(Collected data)
○ ○ ○

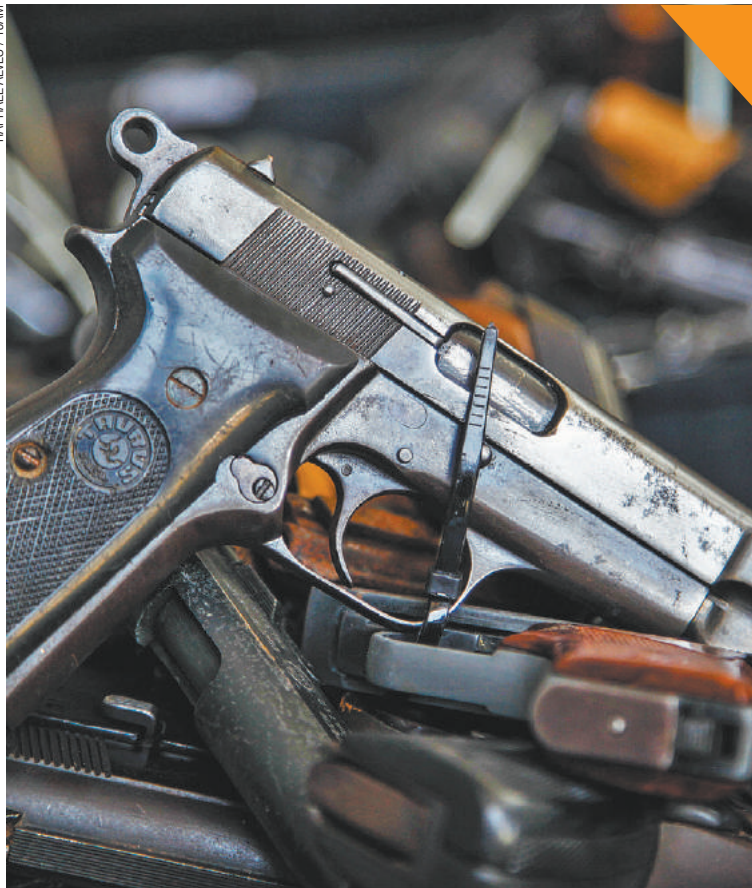
Porte - Deputado propõe votação de PL que facilita a compra de armas
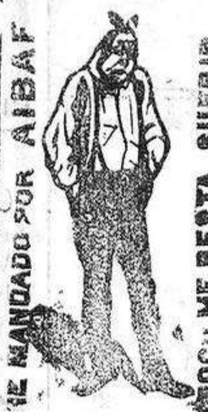
VE MANDADO POR AIBAF
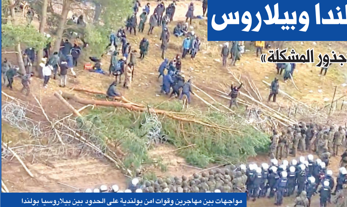
مواجهات بين مهاجرين وقوات امن بولندية على الحدود بين بيلاروسيا وبولندا

وارسو تنال دعماً ألمانيا... وموسكو تذكّر بـ«جنود المشكلة»
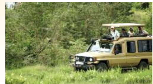
Zum Vulkan Mgahinga
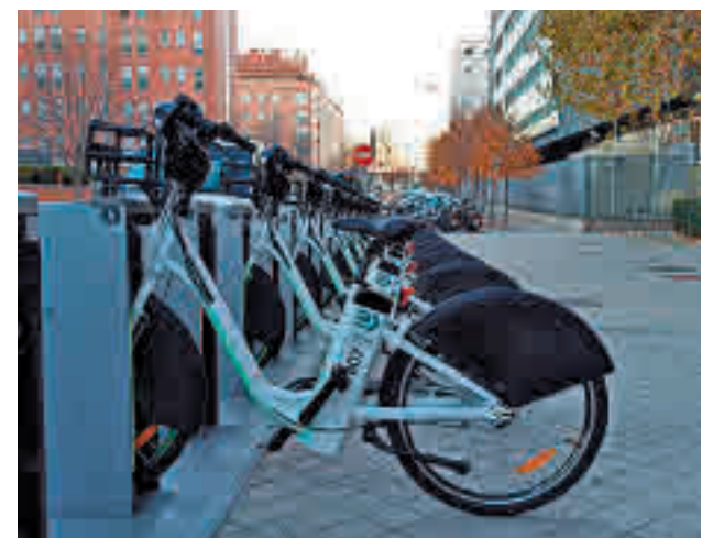
Uno de los puntos de anclajes de BiciMAD

El alcalde de Madrid, José Luis Martínez-Almeida, aseguró el pasado lunes 31 de octubre que las primeras estaciones de la futura ampliación llegarán a los nuevos distritos en enero y se situarán en Hortaleza, Villaverde, Villa de Vallecas, Vicálvaro, San Blas-Canillejas y Barajas.
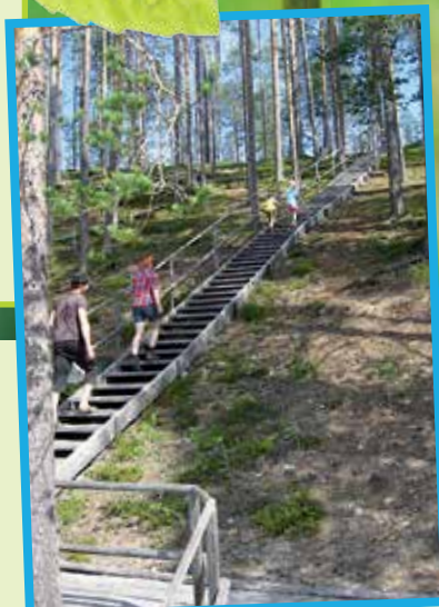
Soiperoinen on harjumaisemissa oleva lepposa pistäytymiskohde

Syötteen luontokeskus, Erätie 1, 93280 SYÖTE, syote@metsa.fi , puh. 0206 39 6550
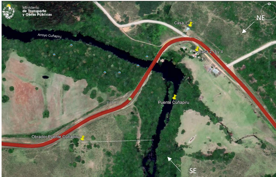
Imagen N°4: Vientos predominantes SE y vientos de invierno NE.

En el presente trimestre en el frente de obra se ejecutaron las tareas de instalación del obrador, atagúa del puente, armado de vigas prefabricadas de hormigón, armado y hormigonado de bases de fundación del puente y de pilas del puente del lado sur.
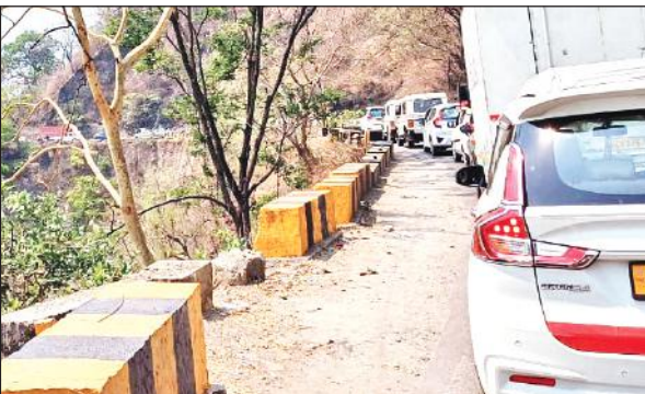
काठगोदाम से चित्रशिला घाट तक लगा लंबा जाम।

कांस्टेबल, 100 महिला कांस्टेबल और 26 यातायात पुलिस के लोग होंगे। वहीं कुमाऊं के बाहर से 2 एडिशनल एसपी, 2 सीओ और 2 कंपनी व एक प्लाटून पीएसो को मुस्तैद किया गया है। बताया कि शुक्रवार से भारी वाहनों के संचालन पर रोक लगा दी जायेगी। सिर्फ आवश्यक सेवाओं के वाहनों को आने-जाने की अनुमति होगी।
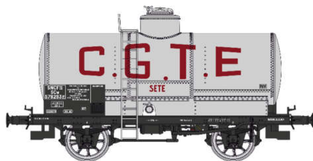
Réf. WB-709: Wagon citerne C.G.T.E. métal châssis noir, SNCF EP. III
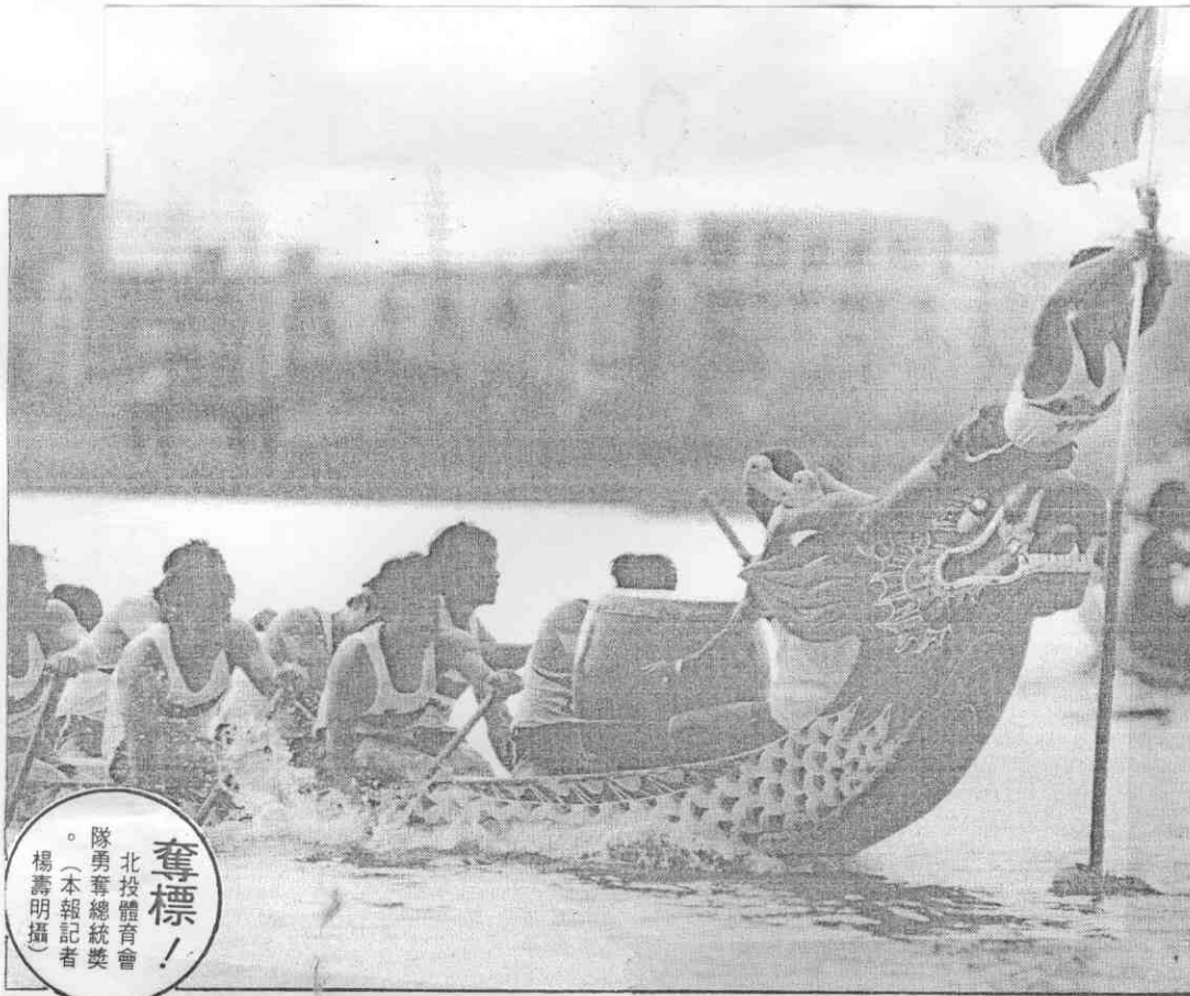
奪標！ 北投體育會 隊勇奪總統獎 。
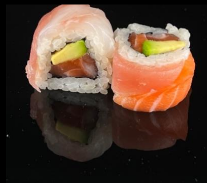
206 URA RAINBOW 4pz:

Roll di riso con sesamo, fette di pesce misto, interno salmone e avocado.
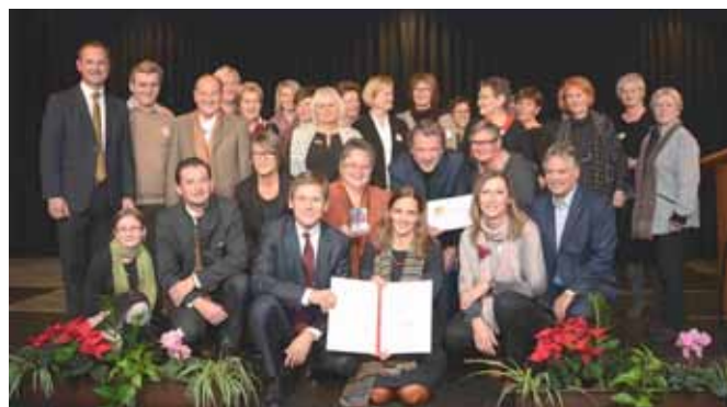
Österreichischer Museumspreis für das Webereimuseum: Die Übergabe erfolgt in feierlichem Rahmen im TuK-Vonwiller durch Bundesminister Dr. Josef Ostermayer
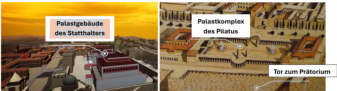
Abb. 5 u. 6 – 3D-Rekonstruktion des römischen Palastes, als ‚Prätorium‘ bezeichnet

Weil der Hohe Rat keine Todesstrafe vollstrecken durfte, Jh. 18, 31 , wurde Jeschua zu Pontius Pilatus gebracht, Jh. 18, 28–32 . Vor Pilatus wurde die Anklage bewusst verändert: Aus der innerjüdischen Gotteslästerung wurde ein politischer Vorwurf konstruiert – Jeschua habe sich als König ausgegeben und damit die römische Ordnung bedroht. Pilatus durchschaute sofort, dass es sich um eine religiöse Auseinandersetzung handelte, und suchte Wege, sich der Verantwortung zu entziehen.
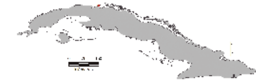
Área de ocupación donde se ha registrado Colletes hicaco

escutelo, castaño claro. La banda apical de pelos blancos sobre los tergomas metasomales (fascia) es entera. El nombre de la especie es referido a la localidad tipo: Península de Varahicacos.
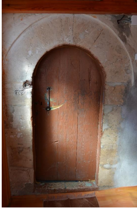
Resim 4- Kayı Köyü Camii Girişi
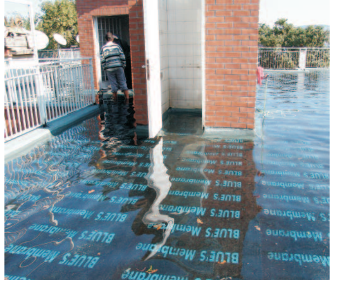
3-Su testi yapılması
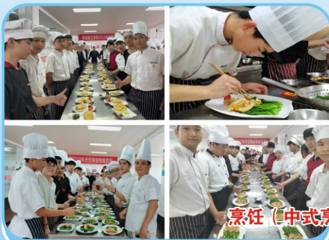
烹饪 (中式烹调) 专业实训
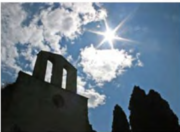
Primer premi en el concurs de fotografia de la pujada a Caulès. Autora: Helena Ordoñez. Títol: La llum.

El tema de la crisi, tan a bastament tractat, també fou analitzat des d'un punt de vista poc corrent per Biel Jover. El debat que s'hi creà va ser prou interessant com per generar moltes preguntes i respostes entre el públic assistent a l'acte.
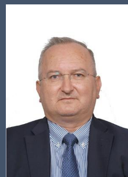
Βασίλειος Κατέρης Πρόεδρος Πρωτοδικών
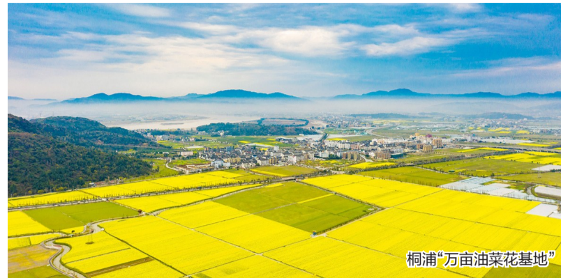
桐浦“万亩油菜花基地”

产业发展的最终目的是惠及百姓，桐浦镇借助粮菌循环省级农业双强项目，打造“粮菌循环六村共富”乡村试点，通过“集体入股+保底分红”模式带动乡村共富，借助秸秆收购帮助周边农户嵌入现代农业发展链条。同时，该镇深化“强村公司”共富机制，通过六村合营的桐顺农业发展公司，完成桐兴生态园农业展销区与“榨油工坊”建设，以“万亩油菜花海”为支点，铺就共富示范的新路径。
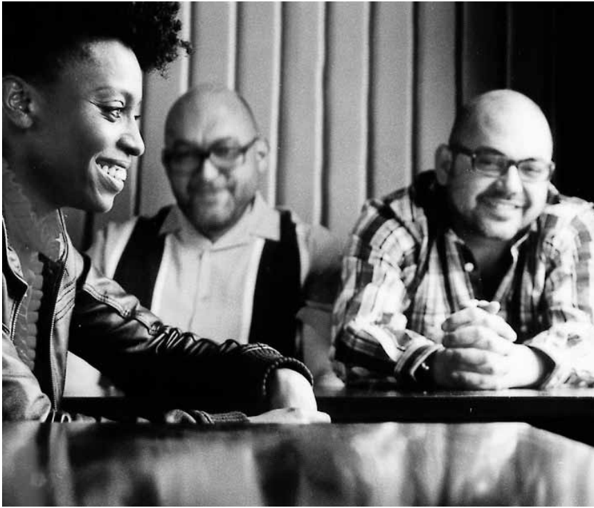
Wieder auf Achse: die drei Trip Hopper von Morcheeba.
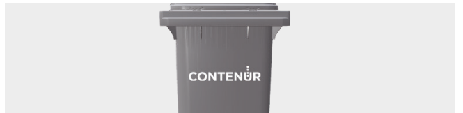
PERSONALIZACIÓN POR TERMOIMPRESIÓN
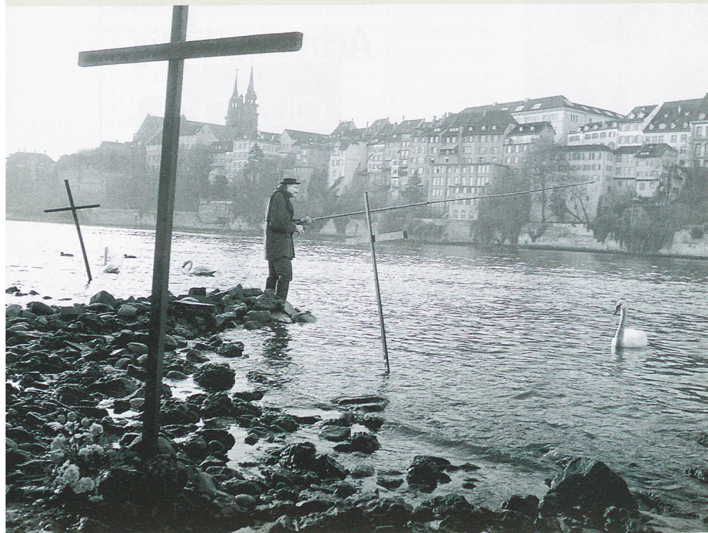
Mahnmal im Rhein bei der Mittleren Brücke: Bis in den Mittelrhein bei Bonn starben allein etwa 150 000 Aale aufgrund der 30 Tonnen Pflanzenschutzmittel, die mit dem Löschwasser in den Fluss gelangten.
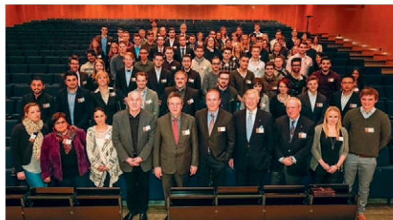
Es werden immer mehr: Stifter und Studierende bei der Stipendiatenfeier.

„Beide Programme gehen Hand in Hand. Die Scouts spüren die Talente auf, die dann im TalentKolleg zielgerichtet unterstützt werden können. Zum Beispiel bei der Orientierung, welches der richtige Bildungsweg für sie ist oder wie man sich am besten für einen erfolgreichen Studienabschluss qualifiziert“, erklärt Svenja Schulze, Ministerin für Innovation, Wissenschaft und Forschung NRW.
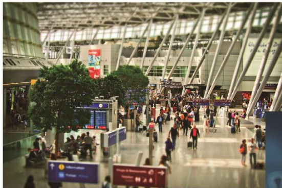
空港、商業施設出入口
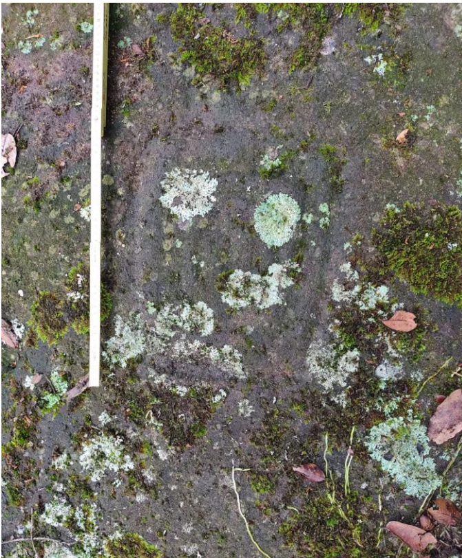
Petroglifo observado en el monolito #2 conjunto "Piedra Grande".

Aprovechamos la frescura relativa del bosque para charlar un rato antes de volver a subir el pastizal empinado hasta la finca de Don Erazo y la carretera.

○ ○ ○

What you will do -
Look through the entries and return each line that has the word "sich" in it.

Result of this exercise -
Weil der Hohe Rat keine Todesstrafe vollstrecken durfte, Jh. 18, 31 , wurde Jeschua zu Pontius Pilatus gebracht, Jh. 18, 28–32 . Vor Pilatus wurde die Anklage bewusst verändert: Aus der innerjüdischen Gotteslästerung wurde ein politischer Vorwurf konstruiert – Jeschua habe sich als König ausgegeben und damit die römische Ordnung bedroht. Pilatus durchschaute sofort, dass es sich um eine religiöse Auseinandersetzung handelte, und suchte Wege, sich der Verantwortung zu entziehen.
„Beide Programme gehen Hand in Hand. Die Scouts spüren die Talente auf, die dann im TalentKolleg zielgerichtet unterstützt werden können. Zum Beispiel bei der Orientierung, welches der richtige Bildungsweg für sie ist oder wie man sich am besten für einen erfolgreichen Studienabschluss qualifiziert“, erklärt Svenja Schulze, Ministerin für Innovation, Wissenschaft und Forschung NRW.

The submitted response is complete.